__Task requirements__: What you write must match, character for character, the lines from the one with "Сукню чудово доповнює" down to the one with "Effects of corncob" in the listing below, minus its pictures.
=== Material provided ===
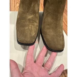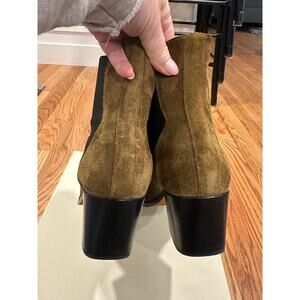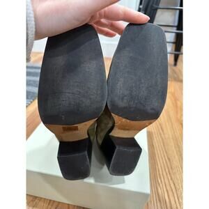 These look they were worn inside once. There is a faint dusting a dirt on the bottoms of the soles. No other signs that they were ever worn.
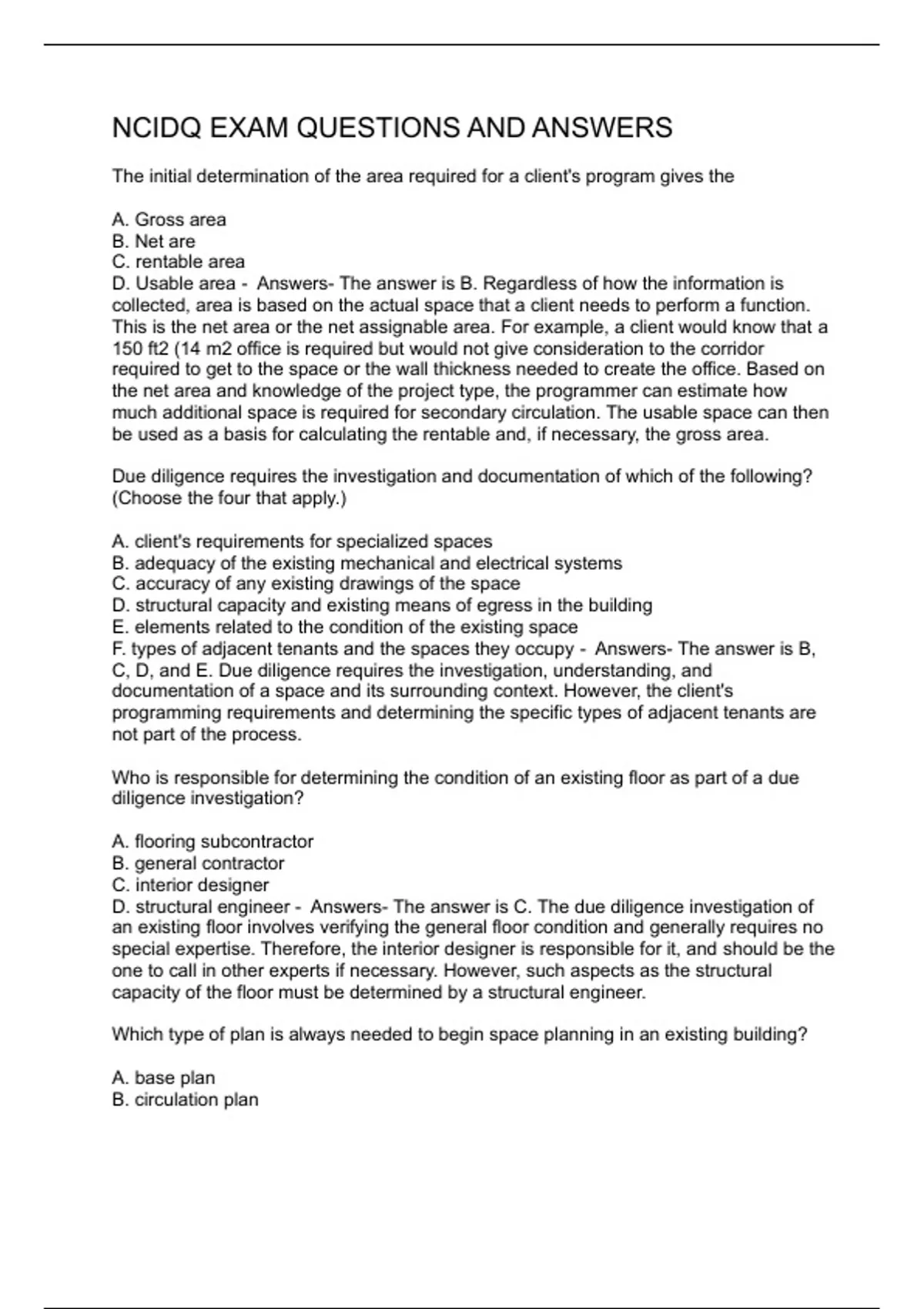 NCIDQ EXAM QUESTIONS AND ANSWERS
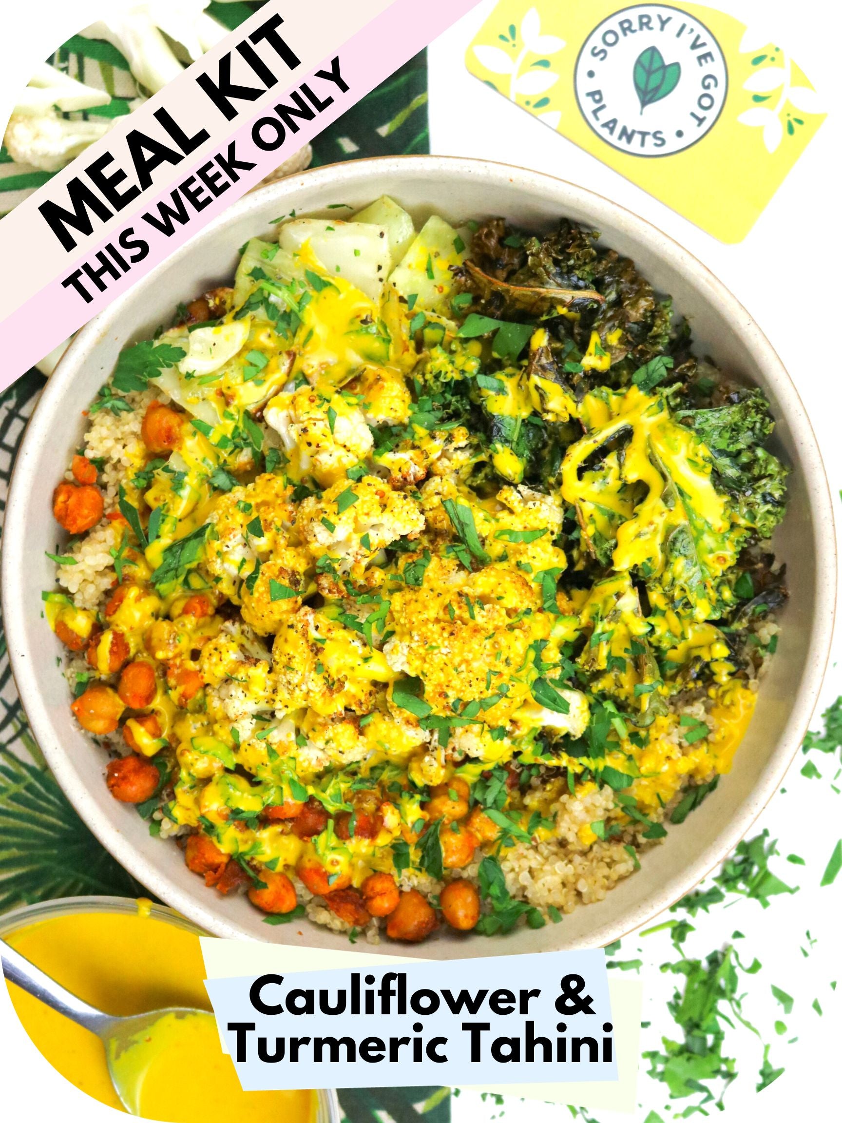 turmeric tahini drizzle: tahini, apple cider vinegar, lemon, oil, tamari, maple syrup, mustard, nutritional yeast, water, turmeric
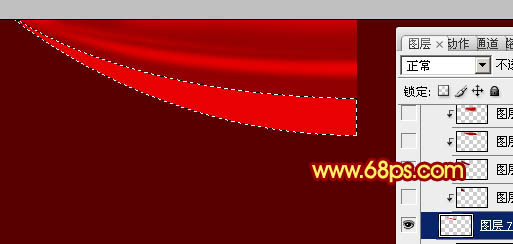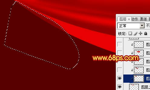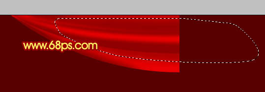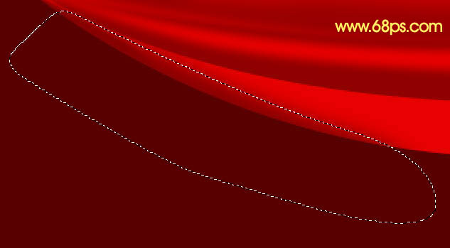 12、新建一个图层,用钢笔勾出下图所示的选区,羽化6个像素后填充刚才设置的暗红色。
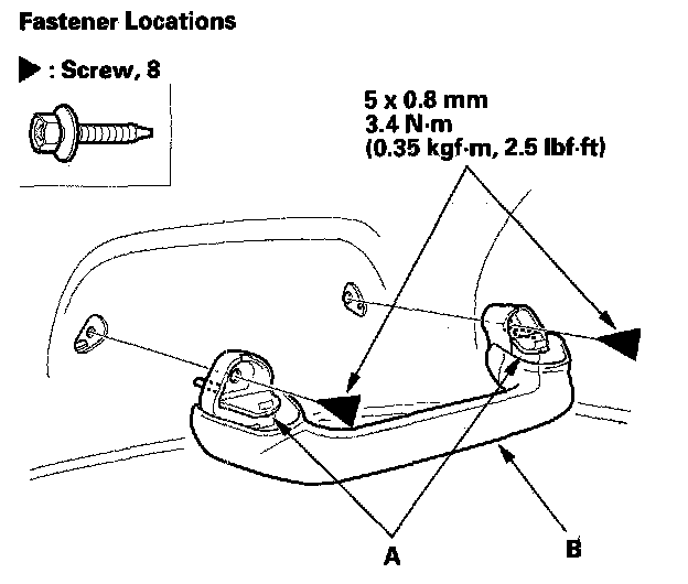 3. From both sides, remove the sunvisor (A) and holder (B).
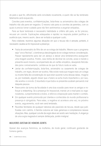 Com tiradas engraçadas e sugestões inteligentes, o livro Competência Social: mais que etiqueta uma questão de atitude não tem a pretensão de ser uma bula com regras rígidas sobre o assunto, mas um guia para ajudar o leitor a se sair bem em situações complicadas.
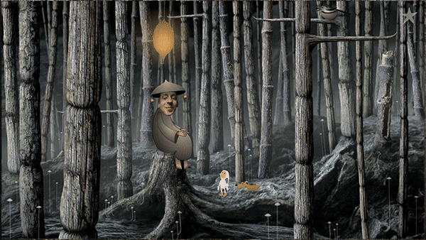 点人,要帮他找到烟斗。点斗笠上的铃铛,把它挂到那只鸟停着的树枝的左端,趁鸟飞起来的时候,点它的窝,烟斗掉下来。把烟斗给人。再帮他找烟袋。点人坐着的树桩下面的洞,狗跑进洞里。狗跑到怪物面前停下来,点狗身后的植物,狗就xuxu,植物就会长高(这个设计挺幽默)。然后点左边的水塘,狗跑过去喝水,回来再点植物。这样2、3次,植物长到顶端会有一个洞,点里面的骨头,给怪兽。烟袋藏在怪物后面的草堆里,找到烟袋,带上来给人。人点烟的时候会放出上面灯里的小飞虫,点飞虫就会为小人领路。过关。
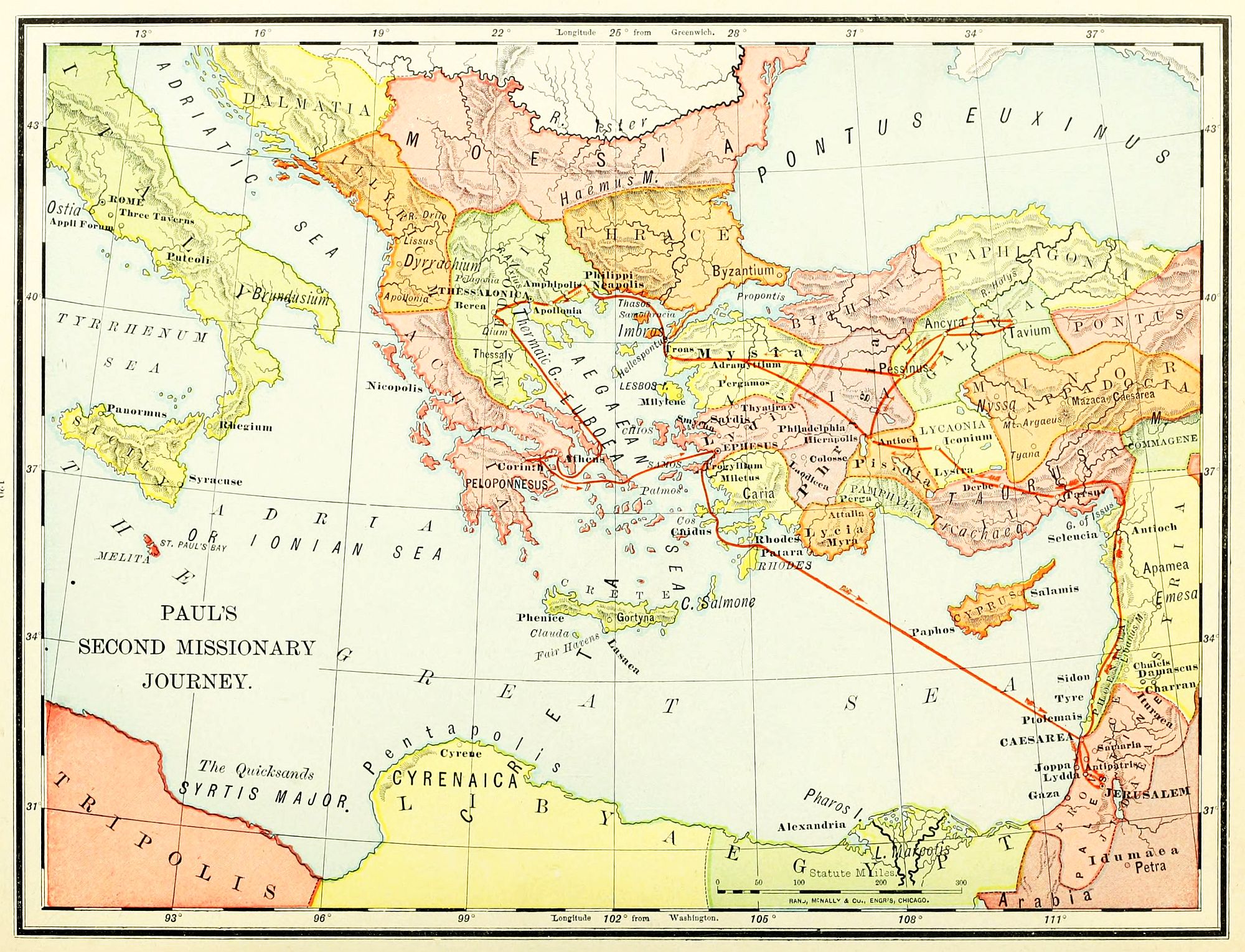In the course of his second missionary journey Paul set sail from Troas, accompanied by Silas (who bears his full name Silvanus in 2 Corinthians 1:19; 1 Thessalonians 1:1; 2 Thessalonians 1:1 ), Timothy and Luke, and on the following day reached Neapolis ( Acts 16:11 ).
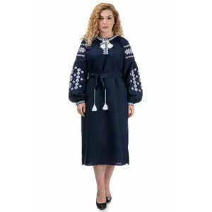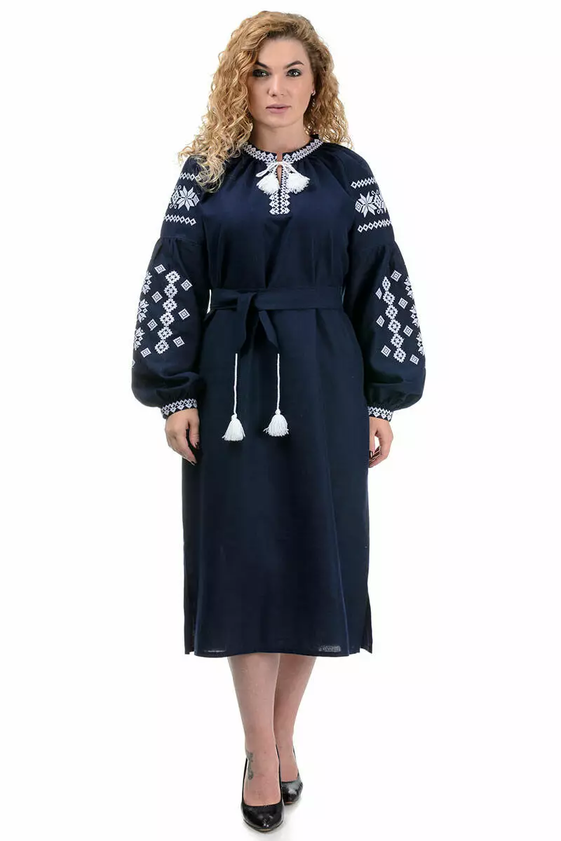 Сукню чудово доповнює поясок з білими китицями. За рахунок пояса можно підкреслити талію, а бічні розрізи допоможуть придати Вашому образу неймовірної елегантності.
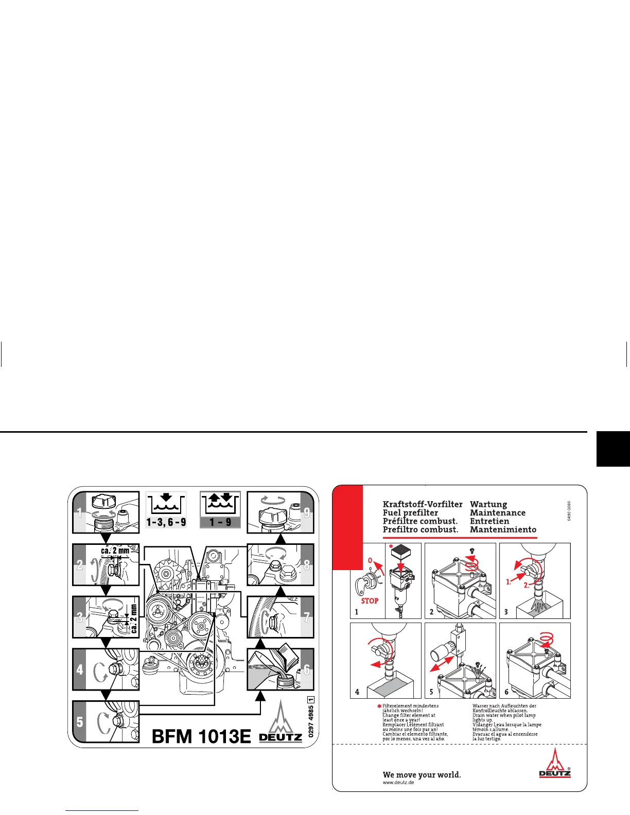 The maintenance chart shown here is supplied as self-adhesive label with each engine. It should be affixed where it can be seen clearly on
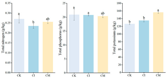 Effects of corncob returning on leaf nitrogen (N), phosphorus (P), and potassium (K) concentrations of E. sessiliflorus. Different letters indicate significant differences among treatments at p < 0.05.
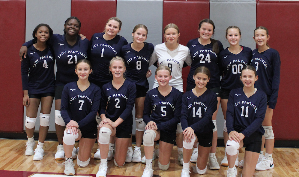 The Lady Panthers pose to strike their opponents. Pictured, from left to right, in the front row are: Lucy Abbott, Cheyenne Richardson, Ramsey Webb, Brooklyn Plain and Eleanor Paulk. Pictured, from left to right, in the back row are: Aliyah Fiffia, Saniyah Mitchell, Lexi Wetherington, Abby Page, Rilyn Selph, Lily Hanners, Ruby Albritton and Brooklyn Selph. [Leah Androski/Greene Publishing, Inc.]
===
__Result of the task__:
 Сукню чудово доповнює поясок з білими китицями. За рахунок пояса можно підкреслити талію, а бічні розрізи допоможуть придати Вашому образу неймовірної елегантності.
 The maintenance chart shown here is supplied as self-adhesive label with each engine. It should be affixed where it can be seen clearly on
 Effects of corncob returning on leaf nitrogen (N), phosphorus (P), and potassium (K) concentrations of E. sessiliflorus. Different letters indicate significant differences among treatments at p < 0.05.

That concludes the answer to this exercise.